WHAT YOU WILL DO - Set down the entries below exactly; drop the pictures.

[Collection entries]

● ● ● ● ● ● ●

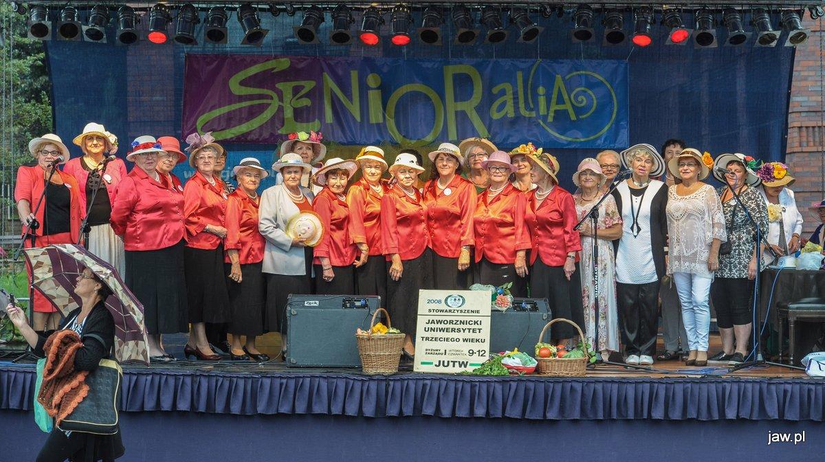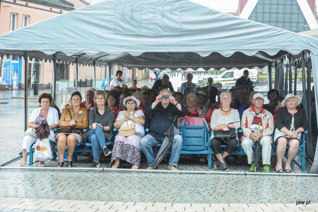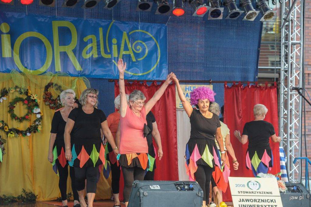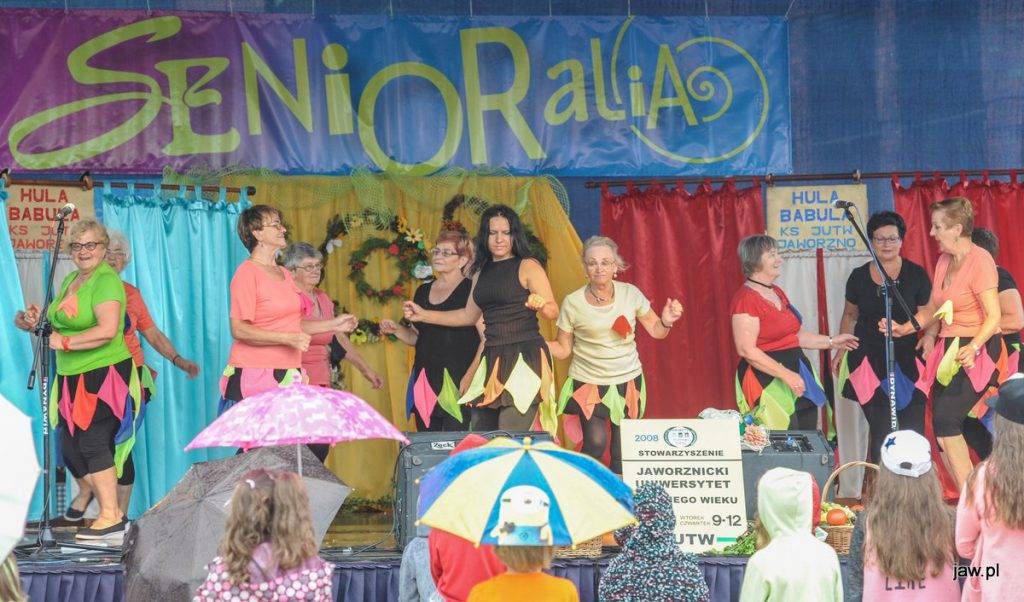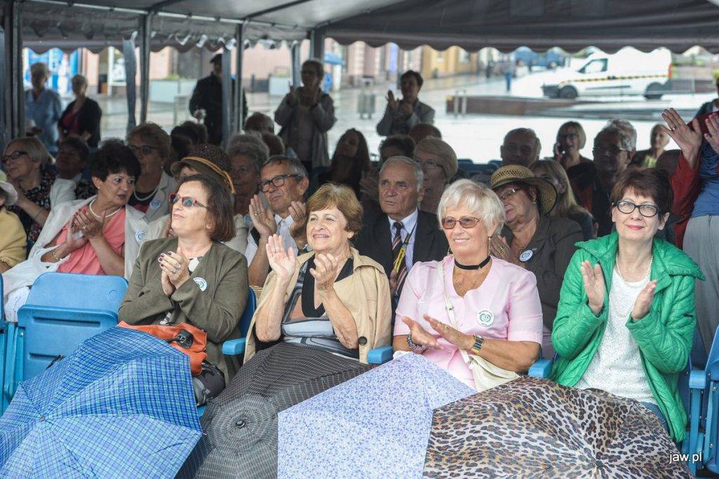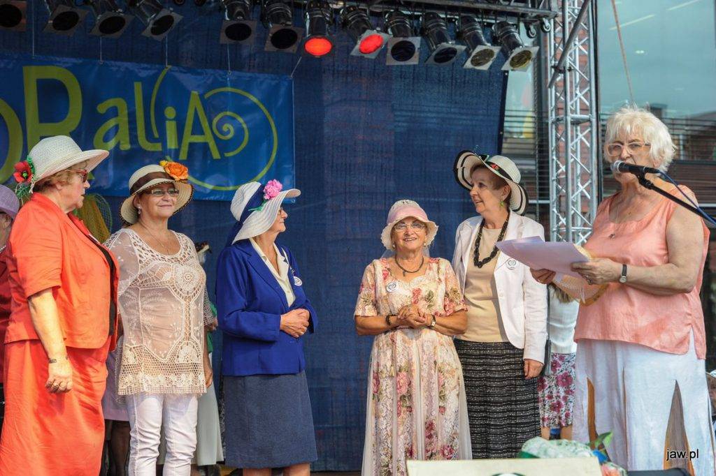 Mili seniorzy i przyjaciele zgromadzili się w deszczową sobotę na jaworznickim Rynku, tym głównym. Imprezę nazwano Senioralia na wesoło z Jaśnie Panem Kapeluszem, częśc pań seniorek pojawiła się więc w ozdobnych kapeluszach. Na scenie prezentowały się m.in. panie tańczące pod okiem Katarzyny Nieużyły z Teatru Sztuk w układzie pt. Pokaz mody.
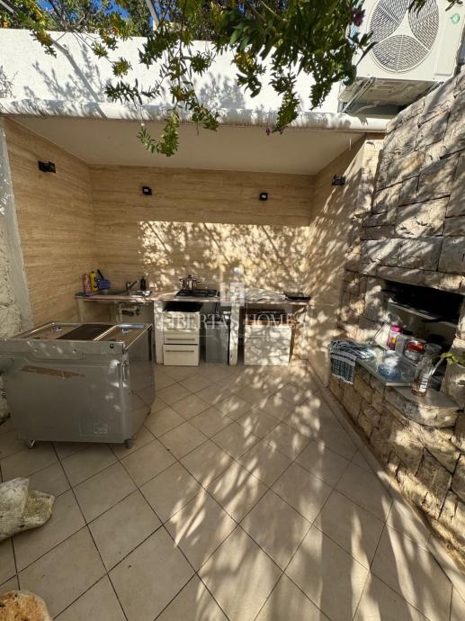 Nekretnina je spojena na vodovod i električnu mrežu te koristi septičku jamu. Stan se prodaje namješten. Trenutno raspolaže vanjskom, natkrivenom ljetnom kuhinjom s roštiljem, dok su instalacije već pripremljene za jednostavno postavljanje unutarnje kuhinje. Kroz zgradu je proveden dimnjak, što omogućuje ugradnju peći u dnevnom boravku, a za grijanje i hlađenje koristi se klima uređaj.
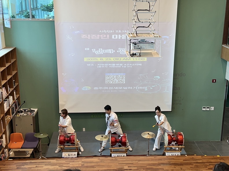 충주여성새로일하기센터 관계자들이 여성 직장인을 위한 난타 공연을 선보이고 있다.
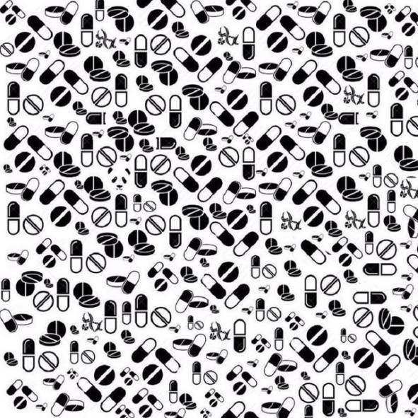 Playbuzz, différents dessins en noir et blanc formant des médicaments et des gélules. Au milieu de toutes ses formes se cache donc un
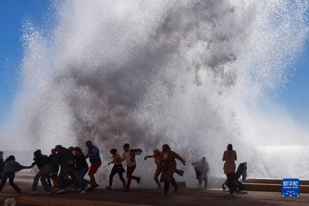 近日,受风暴天气影响,法国尼斯海岸巨浪拍岸,吸引人们驻足观看。
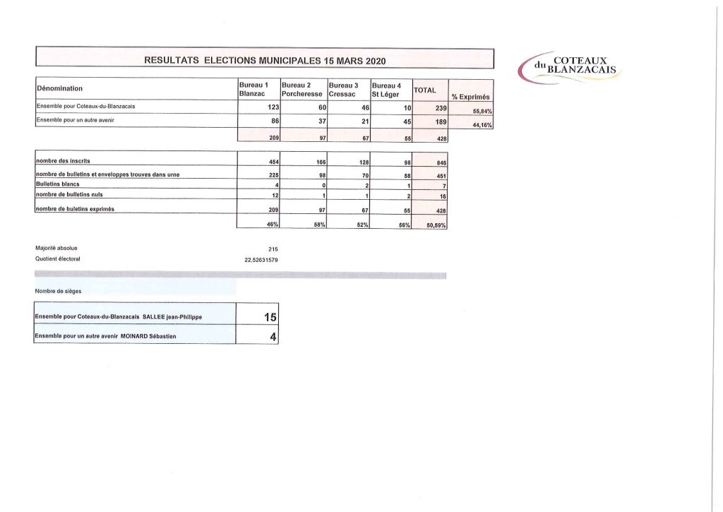 Résultats élections municipales de Coteaux-du-Blanzacais 15/03/2020
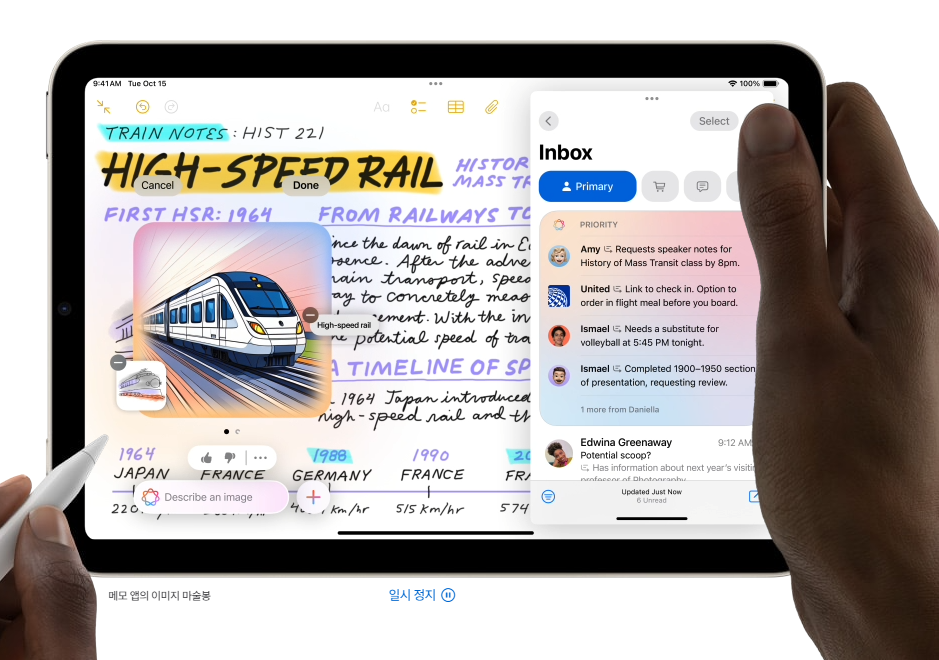 또한, Siri의 맥락 인식 검색 기능을 활용하면 원하는 정보를 빠르고 쉽게 찾을 수 있어 작업 시간이 단축됩니다. Apple Intelligence는 사용자 데이터를 안전하게 관리하면서도 아이패드 미니의 활용도를 극대화하는 똑똑한 도구로, 모든 연령대의 사용자에게 유용한 디지털 경험을 제공합니다.
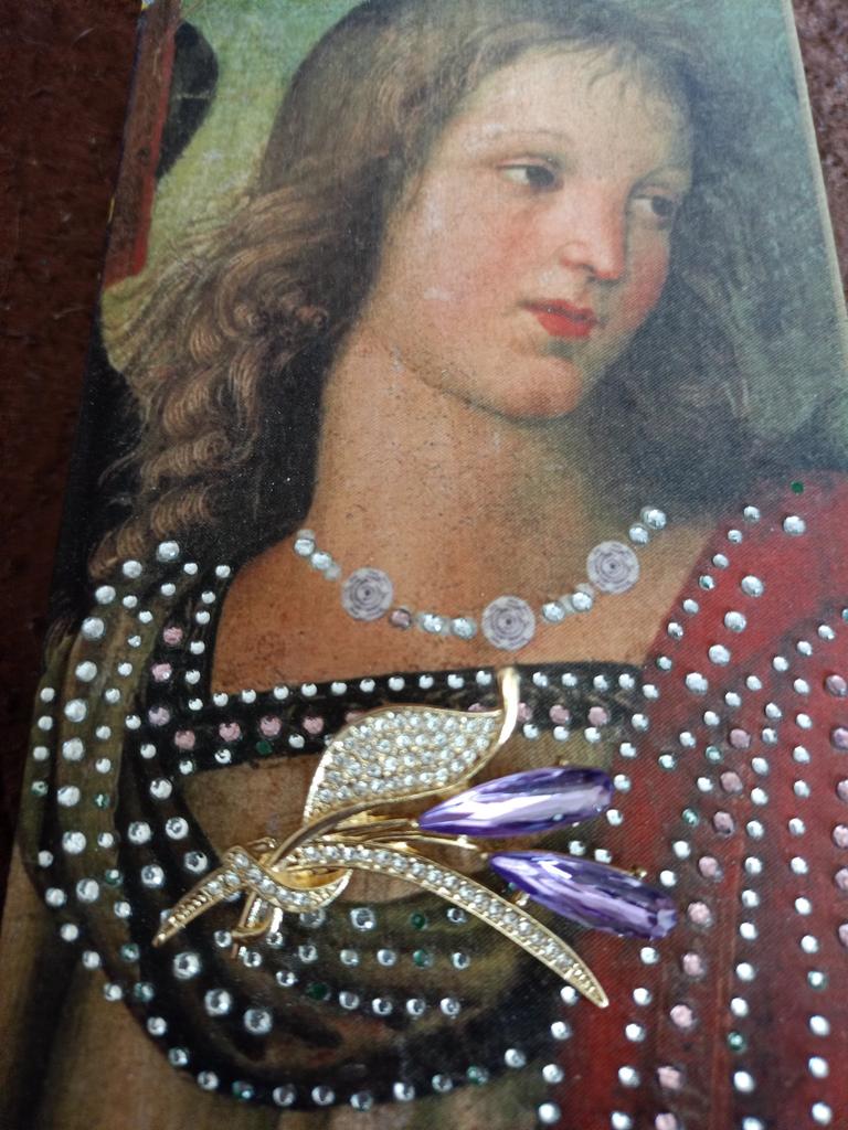 Замечательная брошь!!! Среднего размера, не тяжёлая, в некоторых местах такое впечатление, что камешки закрашены, но ее это совсем не портит. Очень понравилась. Производителю успехов и процветания!!! Спасибо!!!

● ● ● ● ● ● ●

RESPONSE -
 Mili seniorzy i przyjaciele zgromadzili się w deszczową sobotę na jaworznickim Rynku, tym głównym. Imprezę nazwano Senioralia na wesoło z Jaśnie Panem Kapeluszem, częśc pań seniorek pojawiła się więc w ozdobnych kapeluszach. Na scenie prezentowały się m.in. panie tańczące pod okiem Katarzyny Nieużyły z Teatru Sztuk w układzie pt. Pokaz mody.
 Nekretnina je spojena na vodovod i električnu mrežu te koristi septičku jamu. Stan se prodaje namješten. Trenutno raspolaže vanjskom, natkrivenom ljetnom kuhinjom s roštiljem, dok su instalacije već pripremljene za jednostavno postavljanje unutarnje kuhinje. Kroz zgradu je proveden dimnjak, što omogućuje ugradnju peći u dnevnom boravku, a za grijanje i hlađenje koristi se klima uređaj.
 충주여성새로일하기센터 관계자들이 여성 직장인을 위한 난타 공연을 선보이고 있다.
 Playbuzz, différents dessins en noir et blanc formant des médicaments et des gélules. Au milieu de toutes ses formes se cache donc un
 近日,受风暴天气影响,法国尼斯海岸巨浪拍岸,吸引人们驻足观看。
 Résultats élections municipales de Coteaux-du-Blanzacais 15/03/2020
 또한, Siri의 맥락 인식 검색 기능을 활용하면 원하는 정보를 빠르고 쉽게 찾을 수 있어 작업 시간이 단축됩니다. Apple Intelligence는 사용자 데이터를 안전하게 관리하면서도 아이패드 미니의 활용도를 극대화하는 똑똑한 도구로, 모든 연령대의 사용자에게 유용한 디지털 경험을 제공합니다.
 Замечательная брошь!!! Среднего размера, не тяжёлая, в некоторых местах такое впечатление, что камешки закрашены, но ее это совсем не портит. Очень понравилась. Производителю успехов и процветания!!! Спасибо!!!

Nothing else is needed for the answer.